SMT：检查功能的唯一性和整体性

Question

给定是一个函数及其行为的描述：

add: (ℤ ∪ {Error, None})² → (ℤ ∪ {Error, None})

For x ∈ (ℤ ∪ {Error, None}):
add(x, None) = add(None, x) = None

For x ∈ (ℤ ∪ {Error}):
add(x, Error) = add(Error, x) = Error

For x, y ∈ ℤ:
add(x, y) = x + y

如何将此描述转换为SMT（我正在使用Z3）并检查描述是否定义了一个总函数？

为了让您了解我想要实现的目标：最后，我希望生成具有最少分支数量的Python代码。例如：

def add(x, y):
    if x is None or y is None:
        return None
    if x is Error or y is Error:
        return Error
    return x + y

这是我到目前为止所尝试的：

(declare-datatypes () ((ABC (int (val Int)) error none)))
(declare-fun f (ABC ABC) ABC)
(assert (forall ((x ABC)) (=> (or (is-int x) (= x error) (= x none)) (= (f none x) none))))
(assert (forall ((x ABC)) (=> (or (is-int x) (= x error) (= x none)) (= (f x none) none))))
(assert (forall ((x ABC)) (=> (or (is-int x) (= x error)) (= (f error x) error))))
(assert (forall ((x ABC)) (=> (or (is-int x) (= x error)) (= (f x error) error))))
(assert (forall ((x ABC) (y ABC)) (=> (and (is-int x) (is-int y)) (= (f x y) (int (+ (val x) (val y)))))))
(check-sat)
(get-model)

超时。

编辑：在Simplify function interpretation in model中，我描述了f的更简单的公理化，其中int是一个案例，导致有限的案例。我能以某种方式告诉Z3 val中的具体int无关紧要，并且实际上有多少案例？

Answer 1

检查唯一性：你的公理化是好的;你只需要复制＆＃34;它为两个函数然后要求两个值，使它们不同：

(declare-datatypes () ((ABC (int (val Int)) error none)))

(declare-fun f (ABC ABC) ABC)
(assert (forall ((x ABC)) (=> (or (is-int x) (= x error) (= x none)) (= (f none x) none))))
(assert (forall ((x ABC)) (=> (or (is-int x) (= x error) (= x none)) (= (f x none) none))))
(assert (forall ((x ABC)) (=> (or (is-int x) (= x error)) (= (f error x) error))))
(assert (forall ((x ABC)) (=> (or (is-int x) (= x error)) (= (f x error) error))))
(assert (forall ((x ABC) (y ABC)) (=> (and (is-int x) (is-int y)) (= (f x y) (int (+ (val x) (val y)))))))

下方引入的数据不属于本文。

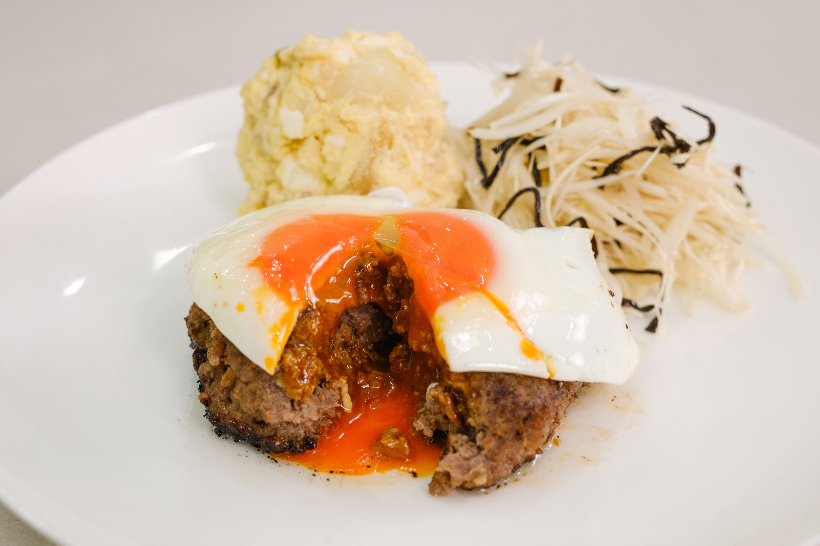 「店でもハンバーグをお出ししています。そのメニューをベースに、ご家庭でも作りやすいレシピにしてみました。牛肉100%の『肉の食感を楽しむ』ハンバーグです。普段は使わない調味料を使いましたが、その理由は動画でご説明します」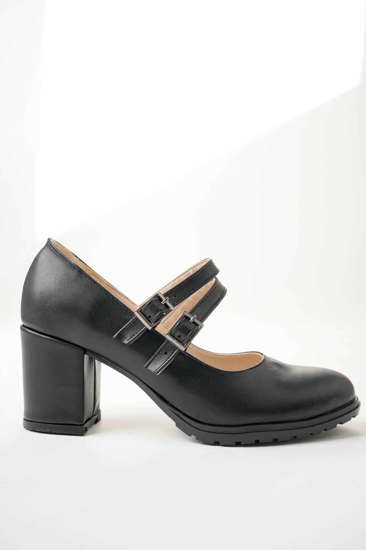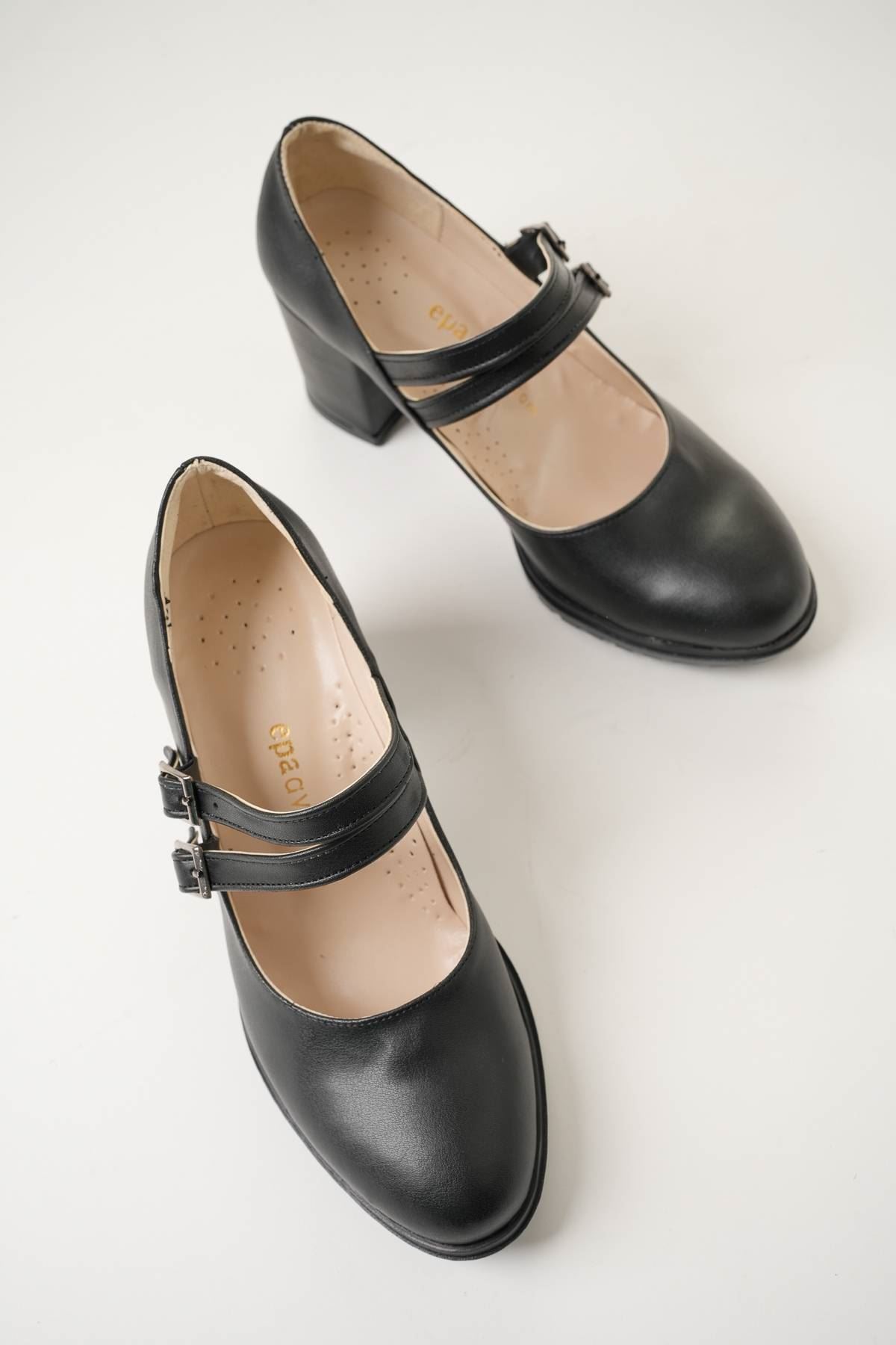 Dolgu Topuk Çift Bant Topan Kalıp Siyah Cilt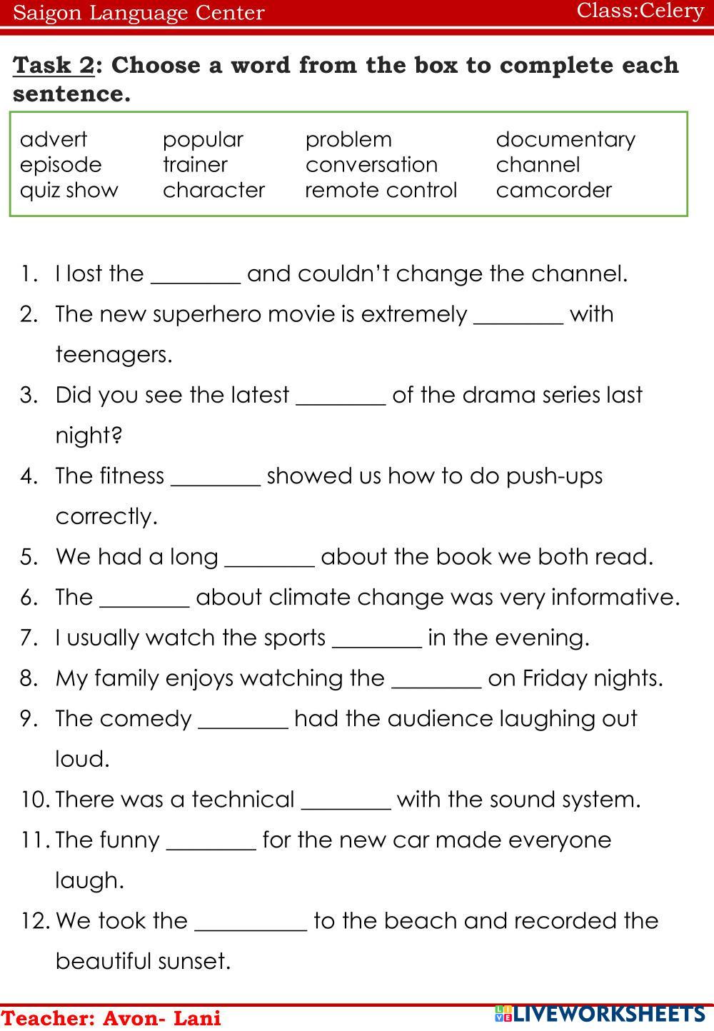 Created byNguyễn Thị ThanhThao english e Age 10-15 level: ffs4 Vietnamese Author's Instructions e My Google Classroom Courses × 0 classes selected (0 students total) Quick Access Select all classes (0 classes) All Classes Loading courses... Cancel Share Share to selected Course __COURSE_NAME__ __STUDENT_NAME__ (__STUDENT_EMAIL__) CELERY Download Worksheet Validation Check my answers Emails my answers to my teacher Full name Group/level School subject Teacher's email or key code Close Submit Validating worksheet... (12) Your answers have been sent to your teacher. Good luck! OK We encountered an error submitting your answers. Please try again. OK Advertisement | Go Ad Free Created byNguyễn Thị ThanhThao english e Age 10-15 level: ffs4 Vietnamese Author's Instructions e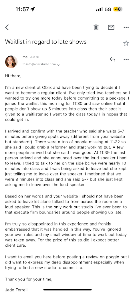 Based on her words and your website I should not have been asked to leave 10 minutes into a workout let alone talked to from across the room on a loud speaker in front of everyone. This is the only work out studio I’ve ever been to that fails to execute firm boundaries around people showing up late.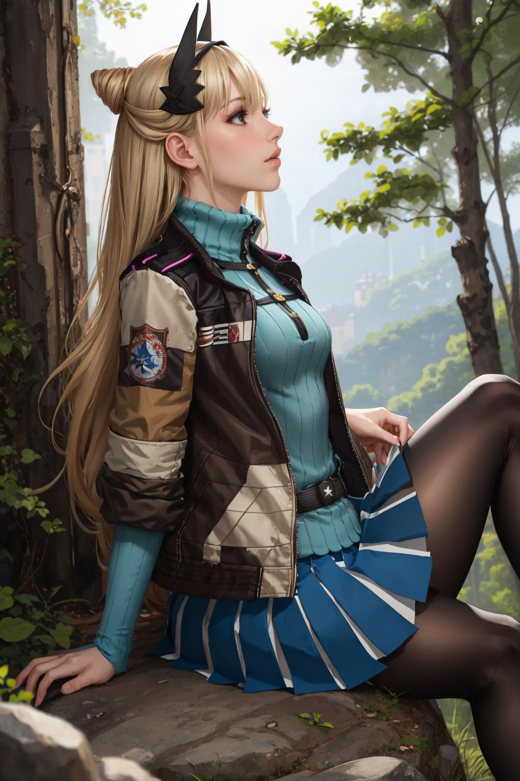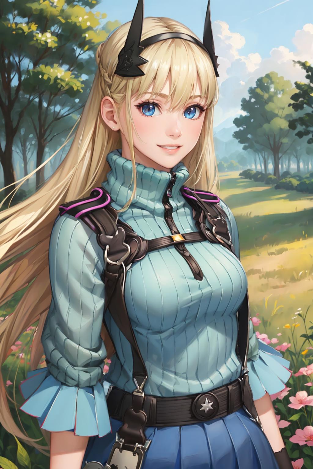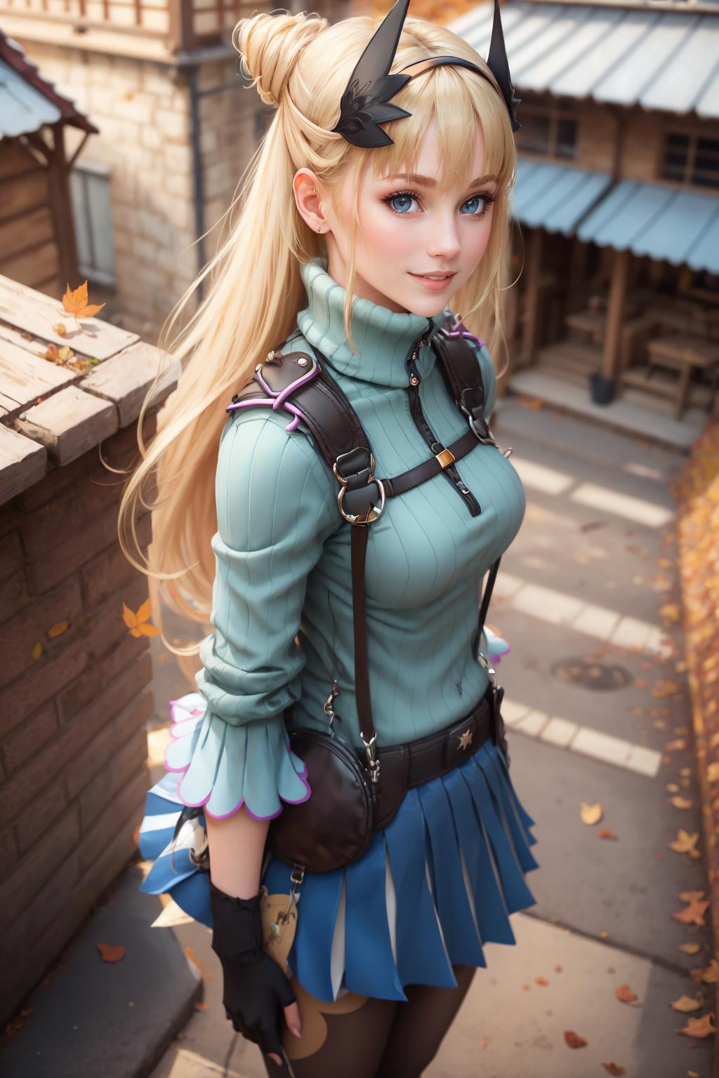 Add "hairband, hair ornament, jacket, ribbed sweater, turtleneck, fingerless gloves, skirt, pantyhose" for her typical look. The jacket can be removed.

(declare-fun g (ABC ABC) ABC)
(assert (forall ((x ABC)) (=> (or (is-int x) (= x error) (= x none)) (= (g none x) none))))
(assert (forall ((x ABC)) (=> (or (is-int x) (= x error) (= x none)) (= (g x none) none))))
(assert (forall ((x ABC)) (=> (or (is-int x) (= x error)) (= (g error x) error))))
(assert (forall ((x ABC)) (=> (or (is-int x) (= x error)) (= (g x error) error))))
(assert (forall ((x ABC) (y ABC)) (=> (and (is-int x) (is-int y)) (= (g x y) (int (+ (val x) (val y)))))))

; check that there is no {x,y} such that f and g differ on:
(declare-const x ABC)
(declare-const y ABC)
(assert (not (= (f x y) (g x y))))

(check-sat)
(get-model)

Z3迅速回归不满;含义f和g无法区分。现在，您可以尝试为f和/或g注释掉一些断言并询问模型。根据您注释掉的断言，Z3可能会为f和g提供一个模型，使其具有不同的行为; OR 它仍然可能超时，试图构建一个模型来执行此操作。在量词的存在下，您无法从SMT求解器中获得更好的结果。